Where Does Medical Knowledge Live Inside LLMs? Knowledge Maps Tell You
When an LLM answers a medical question correctly, where did that answer come from? Not which training document — which layers, which weights, which part of the network’s internal geometry?
A team from Lumos AI decided to find out. They systematically mapped where medical knowledge is stored inside five open-source LLMs — Llama 3.3-70B, Gemma 3-27B, MedGemma-27B, Qwen-32B, and GPT-OSS-120B — using four independent interpretability methods. The result: LLM knowledge maps that show, layer by layer, where different types of medical information are encoded.
The Four Lenses
The researchers didn’t rely on a single technique. They used four complementary methods to triangulate where knowledge lives:
- UMAP projections of intermediate activations — visualize how the model clusters medical concepts at each layer
- Gradient-based saliency — which weights contribute most to medical outputs
- Layer lesioning — remove a layer entirely, measure how much medical performance degrades
- Activation patching — replace one layer’s output with activations from a different prompt, see what breaks
Using multiple methods on the same models means the findings aren’t artifacts of one technique. When all four methods point to the same layers, you can trust the result.
The Findings That Matter
Medical knowledge concentrates early
In Llama 3.3-70B, most medical knowledge is processed in the first half of the model’s layers. This challenges the assumption that deeper layers handle more complex reasoning. For medical tasks at least, the heavy lifting happens earlier than you’d expect.
Age isn’t a number line
How does a model represent “the patient is 45 years old”? You might assume it’s a linear encoding — a smooth gradient from young to old. It’s not. Age is encoded non-linearly, with sharp discontinuities. The boundary between under-18 and over-18 shows up as a clear break in the representation — the model has internalized a categorical distinction that mirrors legal and clinical significance.
Disease progression is circular
This is the strangest finding. You’d expect disease progression to be represented as a sequence: early → moderate → severe. Instead, at certain layers, progression follows a circular pattern in activation space.
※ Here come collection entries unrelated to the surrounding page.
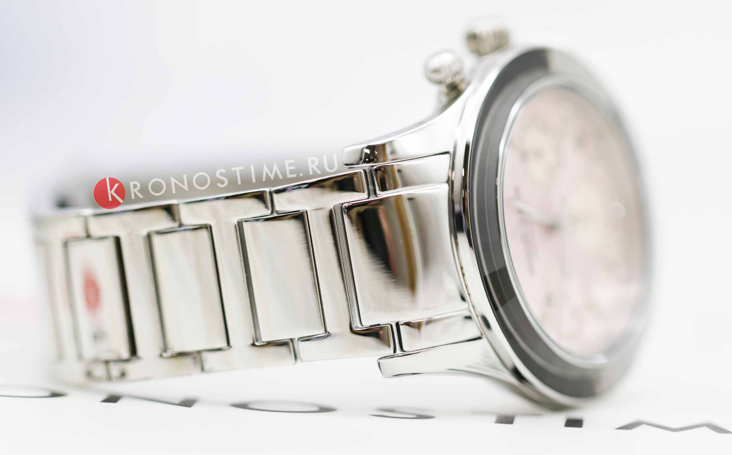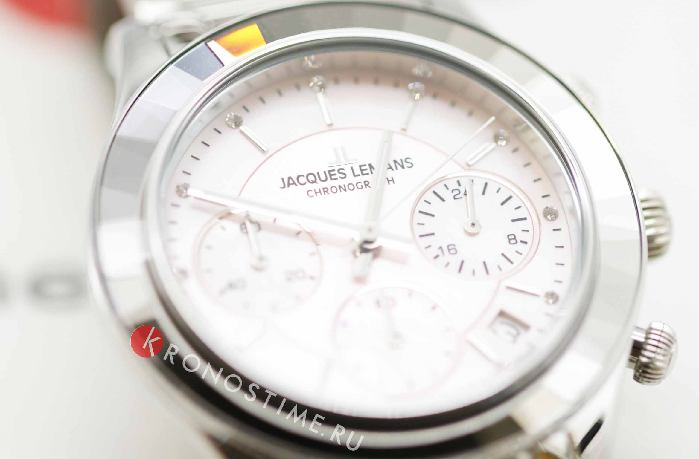 Женские часы-хронографХронографФункция позволяет измерять отрезки времени с особой точностью: часы, минуты, секунды. Верным признаком хронографа является наличие на циферблате 3 дополнительных окошек-счётчиков. c секундомеромСекундомерСекундоме́р — прибор, способный измерять интервалы времени с точностью до долей секунды. Jacques Lemans Venice 1-2151L, кварцевый механизм с высокой точностью. Минеральное стеклоМинеральное стеклоМинеральное стекло представляет собой искусственно выращенный минерал кварца. Такое стекло отличается особой устойчивостью к повреждениям и царапинам. Уступает по некоторым качествам сапфировому стеклу. устойчивое к мелким механическим повреждениям. Корпус из нержавеющей стали. Широкий безельБезельВнешний ободок, закрепляющий стекло. В спортивных часах так называется поворотное кольцо с делениями на циферблате, выполняет роль таймера – замеряет отрезки времени на шкале. Неподвижный безель – элемент декора. Однонаправленно вращающийся безель на дайверских часах позволяет фиксировать моменты погружения и выныривания на поверхность. с гранями. На циферблате расположены три дополнительных индикатора. Окошко даты находится в положении между 4 и 5 часов. Стрелки с люминесцентным покрытиемЛюминесцентное покрытиеПозволяет считывать показания времени в темноте. Производители наносят на стрелки, часовые индексы, безель или поверхность циферблата светонакопительный состав, дающий холодное свечение.. Каждая накладная риска украшена кристаллом Swarowski. Класс водозащиты: 50 метров, позволит защитить корпус от случайных брызг или капель дождя. Браслет из нержавеющей стали на раскладной застёжкеРаскладная застёжкаТакой тип застёжки используется только на браслетах из металла. Она никогда не раскрывается полностью, происходит разделение на 2 и более частей. Раскладывающая застёжка снизит вероятность потери часов к минимуму..
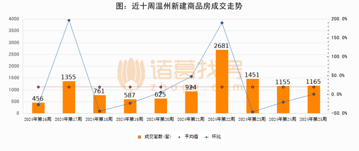 【温州成交周报】第25周新房成交1165套,涨价房源54套
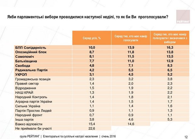 БПП остается самой рейтинговой политической силой в Украине. Однако его поддержка за последний месяц сократилась на 0,2 п.п. - до 16,3%. Другие политические силы постепенно догоняют президентскую партию. Рейтинг "Оппоблока" достигает 13,8%, "Самопомощи" - 13,5%, "Батькивщины" - 12,9%. При этом "Радикальная партия" теряет поддержку, ее рейтинг сократился до 6,5%. Растет рейтинг "Свободы" сейчас он составляет около 8,3%. Партию "Укроп" поддерживают около 5,2% избирателей, готовых прийти на выборы.
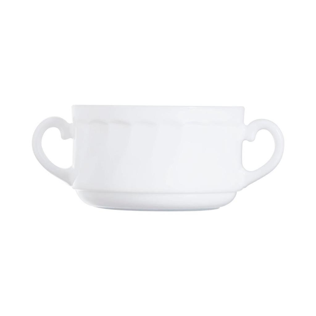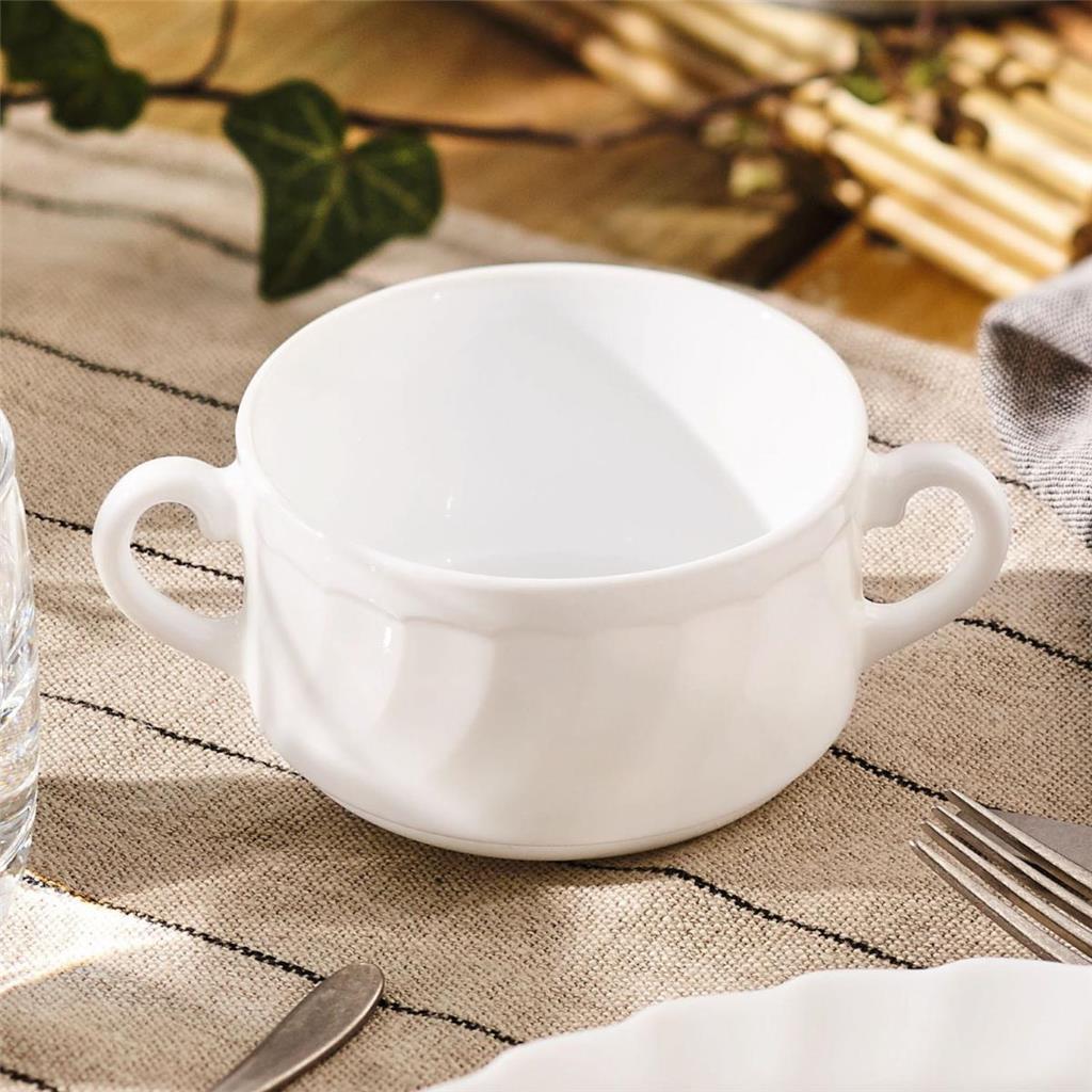 Skodela za juho z ročaji iz belega opalnega stekla, pakirana po 6kos v paket.
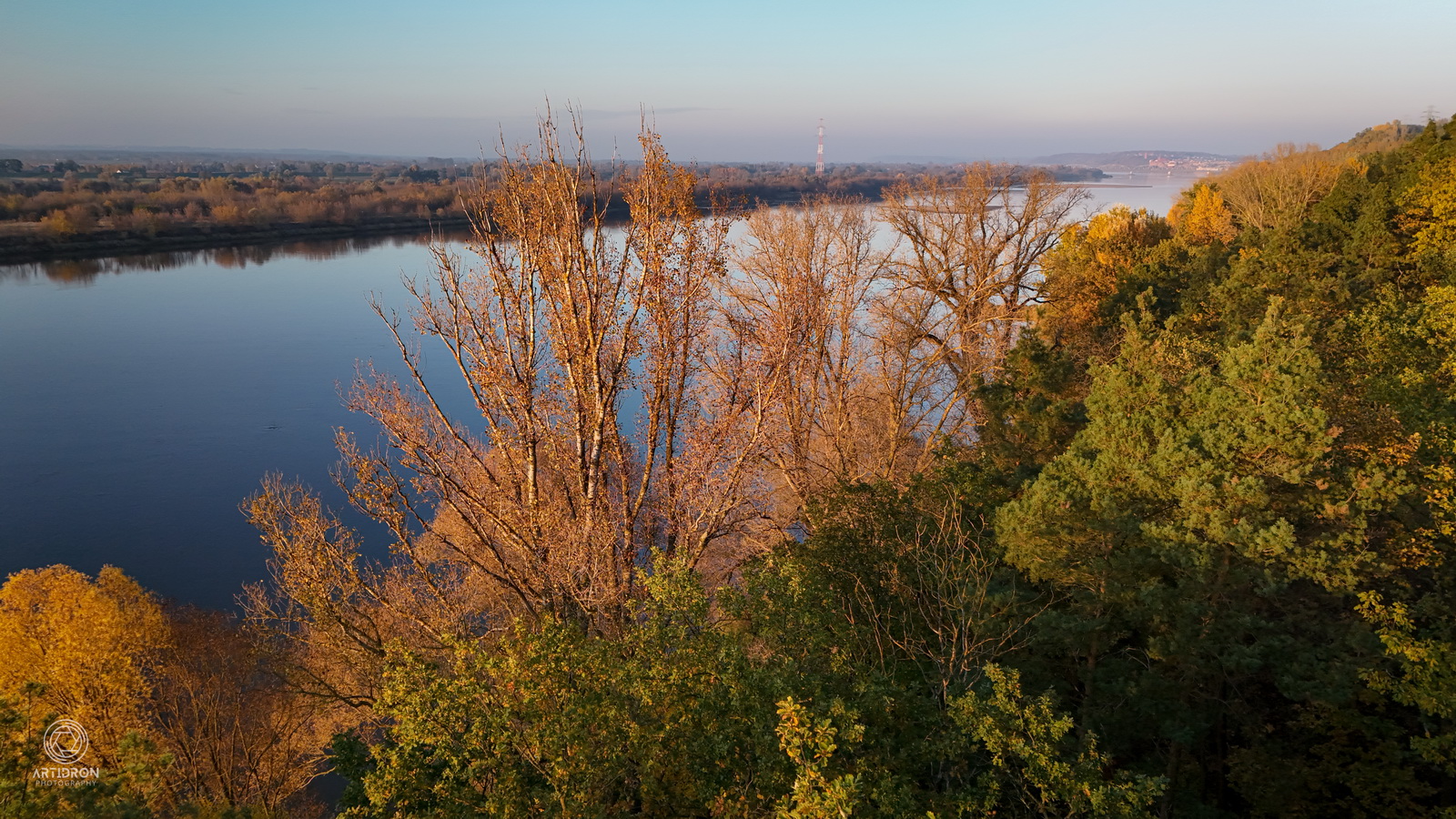 Wisła i kilka topól (w środku kadru) rosnących u podnóża jednej z nadwiślańskich polodowcowych wysoczyzn; zdjęcie autorstwa ARTIDRON Photography.

The representation wraps around, which could reflect how diseases cycle through remission and relapse, or how the model learned from clinical narratives that don’t always follow linear trajectories.
Drugs cluster by specialty, not mechanism
In Llama 3.3-70B, drugs organize themselves by medical specialty (cardiology drugs together, oncology drugs together) rather than by pharmacological mechanism of action. This is exactly how clinicians think about medications — by the condition they treat, not by the receptor they bind — and suggests the model learned clinical practice patterns rather than pharmacology textbook structure.
Activation collapse and recovery
Gemma 3-27B and MedGemma-27B show a phenomenon where activations collapse at intermediate layers — losing discriminative structure — then recover by the final layers. This is architecturally concerning. It means there are layers in the network that contribute nothing meaningful to medical reasoning, or worse, that the model is working around its own internal bottleneck.
Why This Matters Beyond Research
The practical implication is precise: if you know which layers store which knowledge, you can target interventions.
Fine-tuning. Instead of fine-tuning the entire model, target the layers where medical knowledge concentrates. This is cheaper and less likely to damage other capabilities.
Debiasing. If you find demographic biases in specific layers (the age discontinuity is a clear example), you can apply corrections surgically rather than hoping RLHF catches everything.
Model editing. Need to update a drug interaction that changed in clinical guidelines? Layer-specific editing is more tractable than retraining.
Safety auditing. Before deploying a medical LLM, map its knowledge layers. If critical clinical knowledge is concentrated in layers that also show activation collapse or instability, that’s a red flag.
The Connection to Abliteration
This work sits in the same intellectual space as abliteration research — the idea that understanding where features live geometrically inside a network gives you power over those features. Abliteration found that refusal lives in a single direction. This paper finds that medical knowledge lives in specific layers with specific geometric properties.
The implication is the same: linear algebra on the right layers can modify model behavior with surgical precision. The question is whether we use that capability for safety (targeted debiasing, knowledge updates) or risk (removing clinical guardrails).
The Models and the Code
The five models analyzed span the current open-source medical AI landscape:
- Llama 3.3-70B — Meta’s general-purpose flagship
- Gemma 3-27B — Google’s efficient architecture
- MedGemma-27B — Google’s medical fine-tune of Gemma
- Qwen-32B — Alibaba’s competitive mid-size model
- GPT-OSS-120B — Large-scale open model
The paper and source code are available for reproducibility, and the methodology generalizes to any transformer-based LLM. If you’re deploying medical AI, mapping your model’s knowledge layers before deployment isn’t just good science — it’s due diligence.
Medical AI is moving from “does it get the right answer?” to “does it get the right answer for the right reasons, in the right part of the network?” This paper is a significant step toward that second question.